● About this task:
Count the lines in the material below that contain the word "modern" and give the number alone.

● Material for the task:

⟨

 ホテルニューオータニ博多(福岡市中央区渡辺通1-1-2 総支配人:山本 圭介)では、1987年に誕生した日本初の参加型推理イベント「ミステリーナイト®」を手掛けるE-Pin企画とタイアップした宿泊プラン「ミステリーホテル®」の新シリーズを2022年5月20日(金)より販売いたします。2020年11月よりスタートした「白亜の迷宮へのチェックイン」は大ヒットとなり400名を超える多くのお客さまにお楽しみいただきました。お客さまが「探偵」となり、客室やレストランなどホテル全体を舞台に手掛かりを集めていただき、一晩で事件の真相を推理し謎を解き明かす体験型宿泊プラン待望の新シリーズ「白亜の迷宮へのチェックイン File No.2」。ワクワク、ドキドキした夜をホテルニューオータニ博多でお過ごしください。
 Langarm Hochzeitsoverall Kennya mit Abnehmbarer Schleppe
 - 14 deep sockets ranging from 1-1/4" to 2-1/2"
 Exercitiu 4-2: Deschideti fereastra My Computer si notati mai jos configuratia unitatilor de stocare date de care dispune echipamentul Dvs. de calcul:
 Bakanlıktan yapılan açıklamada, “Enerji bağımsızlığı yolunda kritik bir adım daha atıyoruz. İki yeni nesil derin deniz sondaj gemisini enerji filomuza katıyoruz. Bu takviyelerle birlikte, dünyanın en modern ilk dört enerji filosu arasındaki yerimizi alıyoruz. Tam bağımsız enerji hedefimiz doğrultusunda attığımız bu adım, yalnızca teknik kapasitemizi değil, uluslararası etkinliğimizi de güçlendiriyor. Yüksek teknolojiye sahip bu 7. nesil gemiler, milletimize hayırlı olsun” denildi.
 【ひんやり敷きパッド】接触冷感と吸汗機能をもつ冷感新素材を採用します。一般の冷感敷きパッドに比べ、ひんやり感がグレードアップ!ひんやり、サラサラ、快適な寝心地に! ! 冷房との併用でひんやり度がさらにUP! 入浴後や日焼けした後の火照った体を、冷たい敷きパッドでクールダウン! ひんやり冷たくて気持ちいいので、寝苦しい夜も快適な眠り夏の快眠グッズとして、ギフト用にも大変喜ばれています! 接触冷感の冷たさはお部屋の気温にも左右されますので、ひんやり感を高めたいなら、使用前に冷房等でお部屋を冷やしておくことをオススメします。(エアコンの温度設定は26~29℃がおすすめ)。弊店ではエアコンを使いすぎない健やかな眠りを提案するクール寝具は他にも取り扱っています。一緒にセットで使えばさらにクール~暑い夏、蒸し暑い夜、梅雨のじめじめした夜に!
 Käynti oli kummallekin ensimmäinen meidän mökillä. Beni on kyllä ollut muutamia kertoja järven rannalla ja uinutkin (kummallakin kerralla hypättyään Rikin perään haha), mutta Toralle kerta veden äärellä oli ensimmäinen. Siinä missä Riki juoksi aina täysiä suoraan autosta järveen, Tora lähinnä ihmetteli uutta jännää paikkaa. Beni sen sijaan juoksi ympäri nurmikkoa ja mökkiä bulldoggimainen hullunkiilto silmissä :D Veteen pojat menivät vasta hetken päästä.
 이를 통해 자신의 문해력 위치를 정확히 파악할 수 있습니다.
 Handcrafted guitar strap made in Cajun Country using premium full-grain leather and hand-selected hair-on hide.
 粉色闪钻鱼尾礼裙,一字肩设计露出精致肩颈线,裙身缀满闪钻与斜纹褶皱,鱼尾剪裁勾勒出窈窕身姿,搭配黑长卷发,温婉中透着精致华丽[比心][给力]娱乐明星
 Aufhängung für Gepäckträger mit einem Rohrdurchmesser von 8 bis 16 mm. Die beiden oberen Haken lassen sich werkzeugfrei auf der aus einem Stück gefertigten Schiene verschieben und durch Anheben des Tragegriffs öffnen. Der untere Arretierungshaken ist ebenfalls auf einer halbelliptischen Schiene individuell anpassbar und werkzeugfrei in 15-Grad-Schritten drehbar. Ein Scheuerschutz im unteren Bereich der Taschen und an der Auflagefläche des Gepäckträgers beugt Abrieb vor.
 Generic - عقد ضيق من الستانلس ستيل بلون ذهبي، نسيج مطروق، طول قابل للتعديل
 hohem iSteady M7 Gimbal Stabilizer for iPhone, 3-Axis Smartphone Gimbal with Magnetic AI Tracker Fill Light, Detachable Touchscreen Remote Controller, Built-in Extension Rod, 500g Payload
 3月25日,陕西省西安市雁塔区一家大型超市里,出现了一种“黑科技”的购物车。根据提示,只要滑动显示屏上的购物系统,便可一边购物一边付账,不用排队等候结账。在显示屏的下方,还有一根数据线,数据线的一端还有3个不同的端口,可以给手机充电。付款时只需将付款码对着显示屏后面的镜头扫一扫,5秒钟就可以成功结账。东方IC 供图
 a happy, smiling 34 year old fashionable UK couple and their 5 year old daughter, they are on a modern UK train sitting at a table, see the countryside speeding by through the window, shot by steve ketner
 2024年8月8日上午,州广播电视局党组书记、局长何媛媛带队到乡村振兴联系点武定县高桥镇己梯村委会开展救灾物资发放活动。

⟩

● Expected answer:
2